The virus is particularly a problem in child-care centers and pediatric wards, and almost all children have had a rotavirus infection by age five. A severe infection, rotavirus gastroenteritis, is the leading cause of severe, dehydrating diarrhea in infants and young children.
A vaccine that protects against rotavirus is not part of the basket of immunizations provided at tipat halav (family health) centers due to insufficient resources.
Asked to comment on the Kaplan cases, a Health Ministry spokeswoman said that cases of rotavirus were not on the list of diseases that must be reported by doctors to the district health offices. Thus, the ministry "has no data" on the number of children infected or the number who have been hospitalized.
A rotavirus vaccine is registered in Israel, and can be purchased with a doctor"s prescription, the spokeswoman said, but it was not yet included in the basket of immunizations. She did not know whether the ministry had carried out a cost-benefit study to determine whether vaccinating all infants against rotavirus at state expense would save money wasted on hospitalization and treatment.

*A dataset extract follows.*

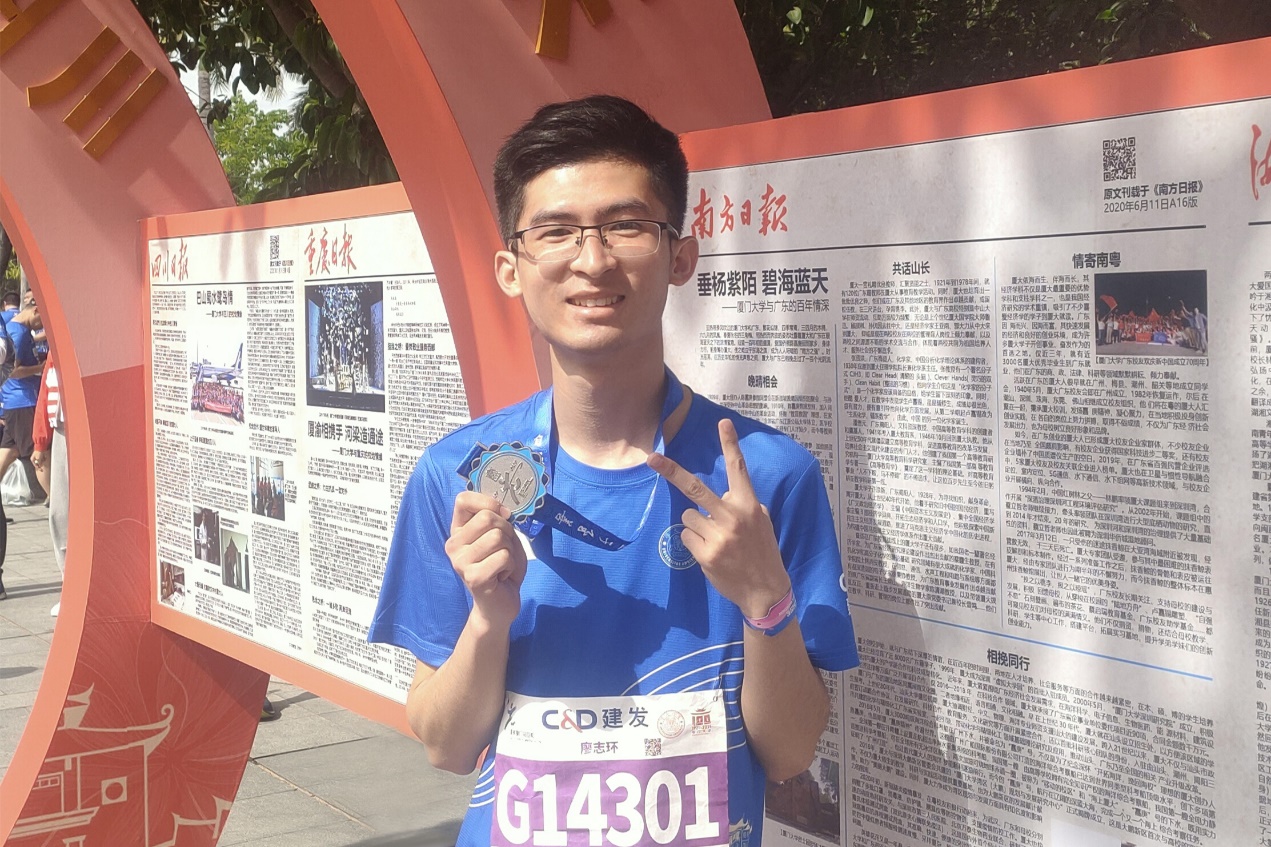 纳米药物常常通过缓释来实现持久的药效和更佳的治疗效果,科研也是一场需要耐力的长跑。学会劳逸结合、张弛有度,才能保持长久的热情。在科研之余,廖志环积极投入到志愿服务中,如八闽园·药园建设、迎新活动等,在志愿服务中体验奉献的快乐。他也热爱运动,喜欢慢跑、羽毛球等项目,踊跃报名参加2021建发厦门马拉松赛厦门大学100周年校庆专项赛和厦门大学学生田径运动会,肆意挥洒的汗水给他的生活增添了不少色彩。

In the US alone, rotavirus infections are responsible for some 3,000,000 cases of diarrhea and 55,000 hospitalizations for diarrhea and dehydration in children under five annually.
Although these infections cause relatively few deaths in the US, the diarrhea caused by rotavirus results in more than 500,000 annual deaths worldwide.
The incubation period for rotavirus disease is approximately two days, with symptoms that include vomiting and watery diarrhea for three to eight days, and often fever and abdominal pain. Immunity after infection is incomplete, but repeat infections tend to be less severe than the original one. The diarrhea may be severe enough to cause dehydration, whose signs are thirst, irritability, restlessness, lethargy, sunken eyes, a dry mouth and tongue, dry skin and less-than-normal urination.
The virus passes in the stool of infected persons before and after they have symptoms of the illness. Children can become infected if they put their fingers in their mouths after touching something that has been contaminated by the stool of an infected person. Caregivers in day-care centers can spread the virus, especially if they do not wash their hands after changing diapers.
The American Academy of Pediatrics recommends that rotavirus vaccine be given to all infants in three oral doses at two, four and six months of age. It prevents three-quarters of all cases and 98 percent of severe cases.